Fund-selling drops wheat
Another wicked week of selling across the grain complex sent wheat down to the early summer lows where some buying finally stepped up, despite the continued pressure in corn and soybeans. It was a week of worry for all of the world’s markets, and it doesn’t look like it will end any time soon.
The selling in wheat came from a number of different reasons. Growing world stocks, intense competition from the major exporters and a huge crop coming from Down Under will keep our exporters on their toes for this marketing year. We’re also looking at the likelihood of a large increase in winter wheat planting with the crop insurance guarantee a whopping $1.50 higher than last year at $8.69 for hard wheat. Rains across the very dry southern plains, while a bit disappointing, were still welcomed and should give a boost to planting.
Selling from outside the grains markets was also very heavy. Funds were bailing on virtually everything in the commodities and equities. To see gold and silver sharply lower even when the stocks were sharply lower strongly suggests across-the-board fund selling, which is usually to raise capital. The credit downgrade of some French banks and the ongoing European debt crisis has sharply increased the need for the banks to raise capital. Funds who borrow money to finance their trading had to liquidate positions to raise cash, starting a downward spiral that just fed on itself.
The stock market buckled and quickly tested summer lows as fears of debt defaults spread to all corners of the globe. The reality is that not only does the US have its own myriad of financial problems, it is deeply connected to Europe’s economic woes as well. The growing likelihood that there will be a Greece default, our own sluggish economy and the ongoing struggle in our own political arena are just a few of the things making investors weary. And they’re heading to the sidelines with massive waves of selling.
There are some bullish aspects of the wheat market worth noting, however. The dryness in the southern plains is certainly cause for concern, but even if it stays dry (which it is forecast to do), prices will struggle to hold gains until we see actual damage, which won’t be until spring.

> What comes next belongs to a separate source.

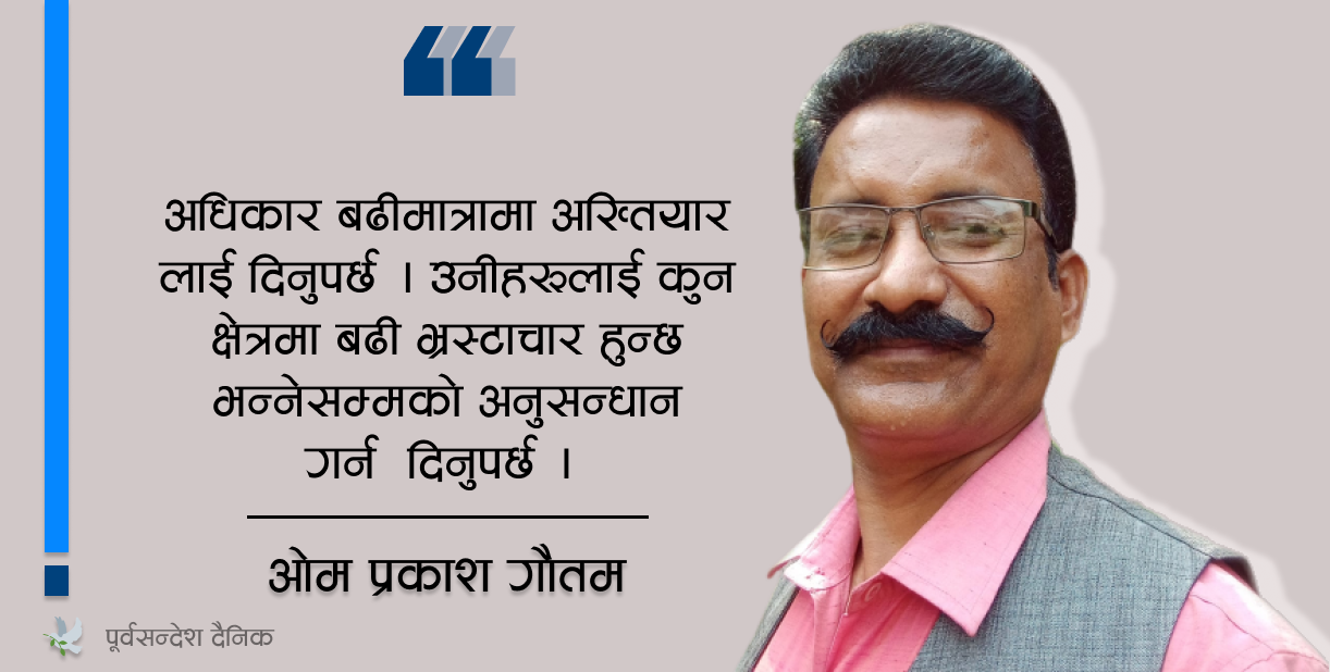 अधिकार बढीमात्रामा अख्तियारलाई दिनुपर्छ । उनीहरूलाई कुन क्षेत्रमा बढी भ्रस्टाचार हुन्छ भन्नेसम्मको अनुसन्धान गर्न दिनुपर्छ । साथै राष्ट्रिय सतर्कता केन्द्रलाई अधिकार दिएर भ्रष्टाचार नियन्त्रणको स्वतन्त्र तरिकाले प्रयास गर्नुपर्छ । भ्रष्टाचारमा राजनीतिक संरक्षण नहुने हो भने स्वत ः भ्रष्टाचार न्यूनीकरण भएर जान्छ । हिजोआज भ्रष्टाचार गरेर अकुत सम्पत्ति कमाएकाहरु यत्रतत्र देखिन्छन् । आज यसरी नै नेता बचाउ अभियानमा स्वयं तीन दलका नेताहरु नै सक्रिय देखिएका छन् । उनीहरूको बदनियतपूर्ण यो कर्मले गर्दा आज नेपाली जनतामा निरासा छाउँदै गएको छ र जनमत पनि अदलबदल भएको छ । ब्यालेट पेपरमा जनमत ठूला दलहरुप्रति छँदैछैन । अहिले जनतामा नेताहरुप्रति देखिएको आक्रोशको बेगलाई मत्थर बनाउन सचेत दल र कार्यकर्ताहरु लागेमात्र जनताका निराशाहरु क्रमशः हटेर जानेछन् । यसकारणले हिजोदेखि आजका मितिसम्म भ्रष्टाचार गरेर ब्रह्मलुट गर्ने भ्रष्ट नेताहरु कानुनी कठघरामा पर्नैपर्छ । सबलाइ चेतना भया ।

We do see dry conditions in Argentina that has likely caused some yield declines, but that will be offset by a large crop coming out of Australia. If Argentina isn’t able to fulfill commitments to Brazil, we could see exports to Brazil increase, but we also know that Russia has access to that market as well. Ukraine is also experiencing some dryness as they try to get their winter wheat planted. That dry area has spread from central/southern Russia and certainly needs to be monitored.